Hello Stefan,
On Mittwoch, 3. März 2010, Stefan Sperling wrote:
> A block is "just another pristine".
> So a block can happen to also serve as a pristine for a different 10MB
> file which happens to have the same content as the block.
> We set the block size to something fixed, like 10MB.
> The last block is allowed to be smaller and runs till EOF.
You could go a little step further and determine the block borders by a
synchronizing checksum, ie. a manber-hash.
FSVS does this; the advantages are
a) you can quit comparing the files (or hashs) as soon as a different block
is found
b) sending nearly-optimal deltas is trivial, because you know that the file
originally had the blocks A,B,C,D and E, and now the blocks hash to
A,X,C,Y and E - so you can just tell the server "the first length(A) bytes
are identical, then you need X, then length(C) are unchanged, ..."

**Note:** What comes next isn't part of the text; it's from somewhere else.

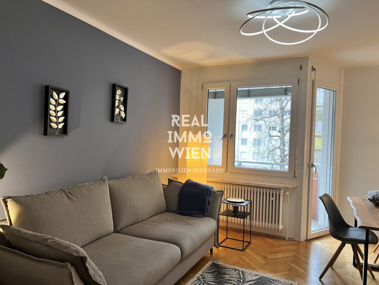 Die stilvolle Wohnung ist aufgeteilt in Vorraum, Wohnzimmer, Küche, Badezimmer mit separatem WC, 2 Schlafzimmer und Balkon.

Of course, that's not byte-optimized, but AFAIK the server will re-compute
the delta anyway (for BDB and FSFS).
c) identical blocks from different files get shared; so keeping 3 revisions of
a 100MB file might need only 100 + epsilon space, and that's without having
the blocks compressed.
d) small point: the manber-CRC provide a few bits more security that there's
no hash-collision.
So on commit the content verification goes once through the file, and records
offsets and length of the blocks (and whether they did exist in the older
version); for transferring the delta only some seeks and writes are needed.
The manber-hash block size can be chosen arbitrarily; in FSVS I'm using
~128kB, which means that small files just have a single hash to store, but for
larger ones the IO savings get realized.
Regards,
Phil
Received on 2010-03-04 08:16:48 CET